With the post hole digger and a roll of barbed wire in hand, I tried to fix that part of the fence.  There was about twenty feet that needed shoring up.  I worked all morning, but just could not manage to get the poles to stand up, without cutting all the wires and starting from scratch.  I gave up.  Next day, I returned to the fence line and dragged dead branches of trees.  These seem to be the trim left over from cutting down a tree to use as a fence post.  Big gobs of smaller branches and twigs heading in all directions.  I pulled them all over to the fence line and laid them up against it.  I was able to build enough of a barrier, so that now the horses cannot escape to the river.  Surprisingly, they now seem to be willing to spend hours down there.  In the past, I would want them to go down there but after an hour, they would return.  The rains have come since then, and greened up the place.  Maybe that is why.
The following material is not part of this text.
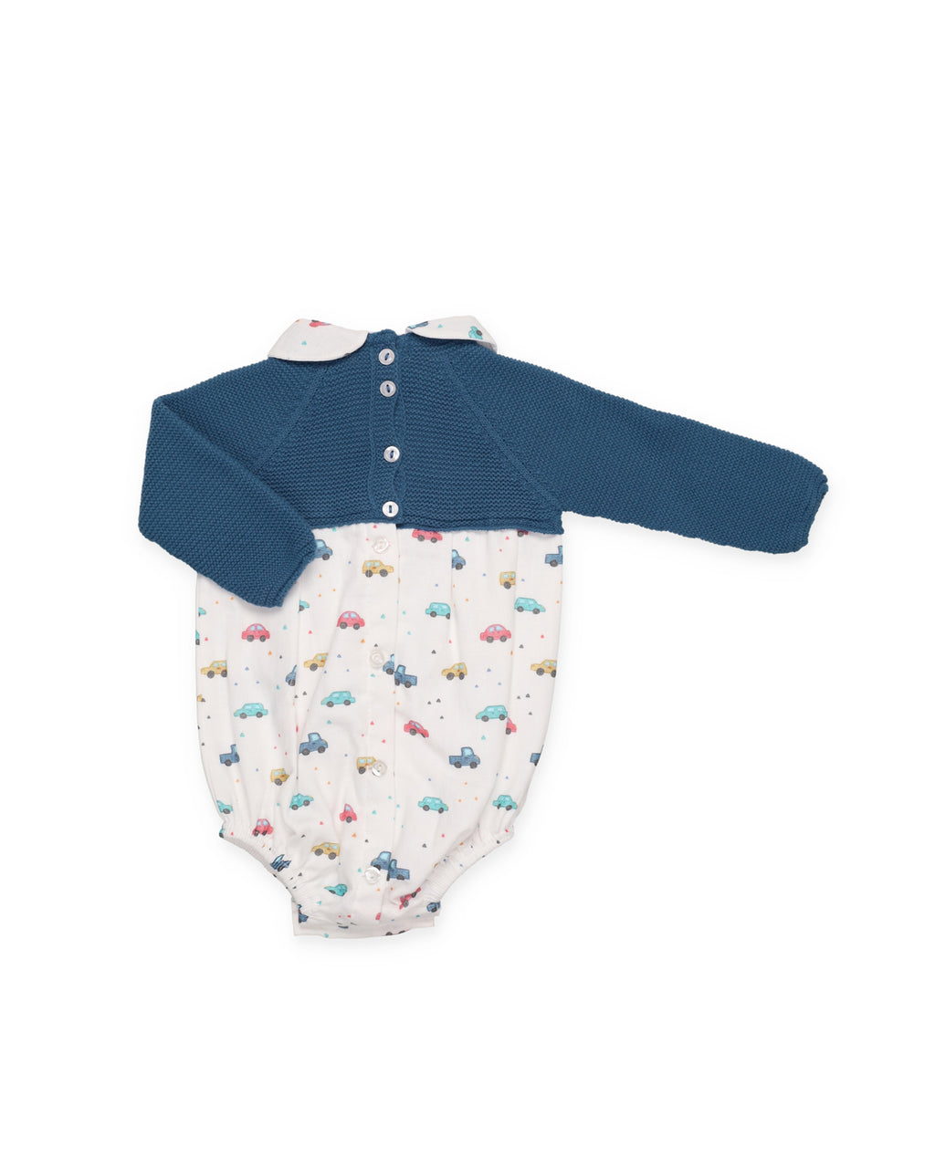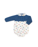 Tutina con maglia tricot blu nella parte superiore e parte inferiore bianca con stampa multicolore di un passeggino. Girocollo coordinato. Un outfit vivace e colorato per le prime scoperte.

The fight is over.  Their side has won.  It is all meaningless egoistic chest thumping in the end.  The horses are fine, when they are thirsty they know their way back to the corral and the water trough there.  Meanwhile, they have turned the farm into a lovely pastoral scene.  The rains have greened up the fields, their grazing has left them well-trimmed, .Luz de Compasion now looks like a lovely park, which is how I had envisioned it years ago.  Life is good.

 

 

 

Wednesday, June 14, 2023

Celestial Music

 

The number 12 has deep significance across the world and cultures.  The Mayans knew the number twelve, when they crafted their calendar into twelve-month years.   Astrology divides the heavens into twelve houses.  Jesus had twelve disciples. 

More recently, in the previous decade, scientists made a major discovery of the twelfth strand, the Higs-Boson discovery, in string theory.  I only know the name from Sheldon Cooper and the Big Bang Theory, so I am spelling it wrong.

With that discovery, scientists also declare the final note, the key to the music of the universe.  The harmony produced by these strands can be heard as music.  Music and math are closely aligned.  Music has, say the scientist, 12 notes.  And so mathematicians can translate these twelve strands into music.  I am not sure who has heard this music, but this concept has been around for hundreds of years.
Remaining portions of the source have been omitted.